Besprochene Bücher / Literaturhinweise

"Mein Ruf ist ausgezeichnet" liest man verwundert gleich auf der ersten Seite von Tom Kummers Memoiren "Blow up". Allerdings meint er damit seine Reputation als Tennislehrer im exklusiven Jonathan Club in Los Angeles, wo Kummer seit ein paar Jahren arbeitet. Sein Ruf als Journalist ist hingegen ruiniert, seit ein "Focus-Artikel" über die unseriöse Arbeitsweise Tom Kummers im Frühsommer 2000 den Stein ins Rollen gebracht hatte. Ein Medienskandal nahm damit zwar nicht seinen Anfang, wurde aber publik.

Tom Kummers spektakuläre, Aufsehen erregende Interviews mit Hollywood-Stars, Sportlern und Promis der ersten Liga waren frei erfunden, im besten Fall waren sie aus Versatzstücken zusammengestellt. Eine Mediendebatte über journalistisches Ethos entbrannte, und 'Borderline-Journalismus' war das Unwort des Sommers. Infolge der Enttarnung Kummers als "Reporter des Satans" (so damals Alexander Osang, ironisch und mitfühlend, in einem "BZ"-Kommentar) wurden die beiden verantwortlichen Redakteure des SZ-Magazins, in dem einige Kummer-Interviews als Aufmacher erschienen waren, entlassen (Ulf Poschardt ist heute Chefredakteur der deutschen Ausgabe von "Vanity Fair", Christian Kämmerling Geschäftsführer eines Mediendiensts in der Schweiz).

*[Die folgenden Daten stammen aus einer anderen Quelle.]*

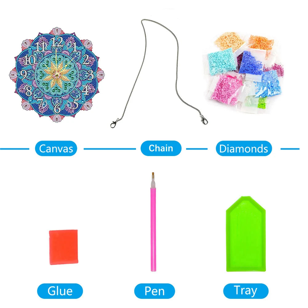Diamond Painting Klok Mandala Mozaïek Kunstwerk met Kristallen Steentjes
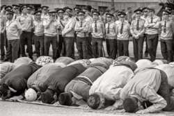 "Это 1991 год, намаз на площади Свободы. Этот снимок среди прочих я вывозил в Турцию, как только открылся железный занавес. Были музыканты, художники и моя выставка о Татарстане. И у этой работы всегда скапливались люди. Почему полиция не молится? У них все молятся, потому что пришло время намаза.
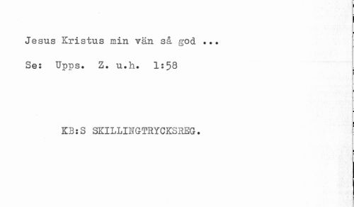//// j //// < //// Jesus Kristus min vän så god ... //// Se: Upps. Z. u.h. 1:58 //// j //// r- //// KB:S SKILLINGTRYCKSREG. //// < ////
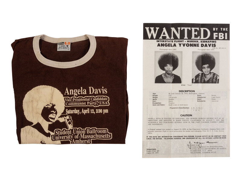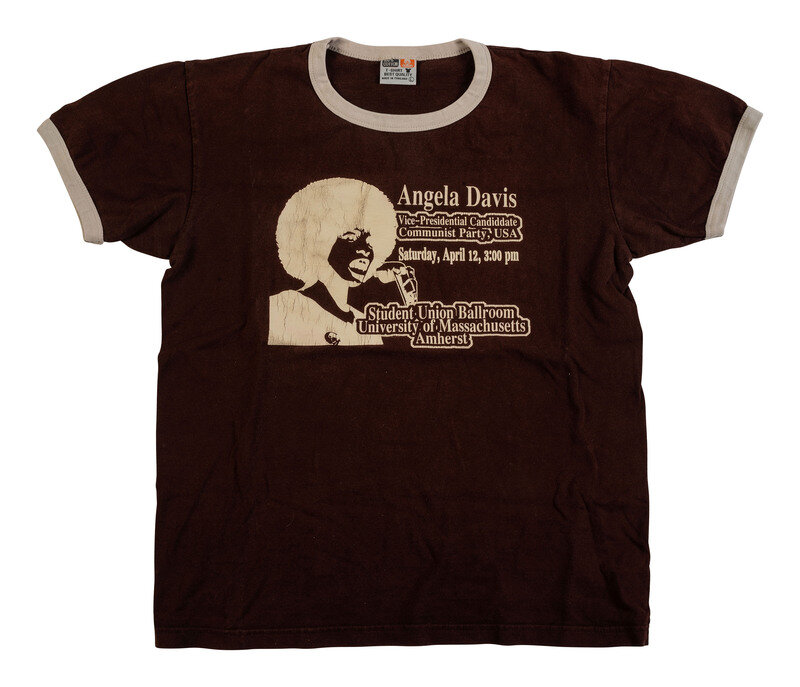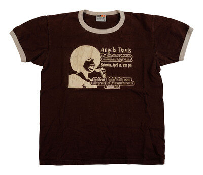 [With:] Vintage brown cotton t-shirt with collar and sleeves trimmed in white, size large, ca 1980-1984, featuring a silhouetted image of Angela Davis and text: "Angela Davis / Vice Presidential Candiddate [sic] / Communist Party, USA / Saturday, April 12, 3:00pm / Student Union Ballroom / University of Massachusetts / Amherst."

Sieben Jahre nach der "Implosion des Realen" (so die Überschrift eines Interviews, das Kummer dem SPIEGEL gab) und zwei Jahre nach einem missglückten Comeback bei der "Berliner Zeitung" liegen nun Kummers Erinnerungen vor. "Blow up" lautet der Titel, der auf den gleichnamigen Filmklassiker von Michelangelo Antonioni verweist. Es geht also um Stil, die Wirklichkeit der Wirklichkeit und um Vergrößerungen.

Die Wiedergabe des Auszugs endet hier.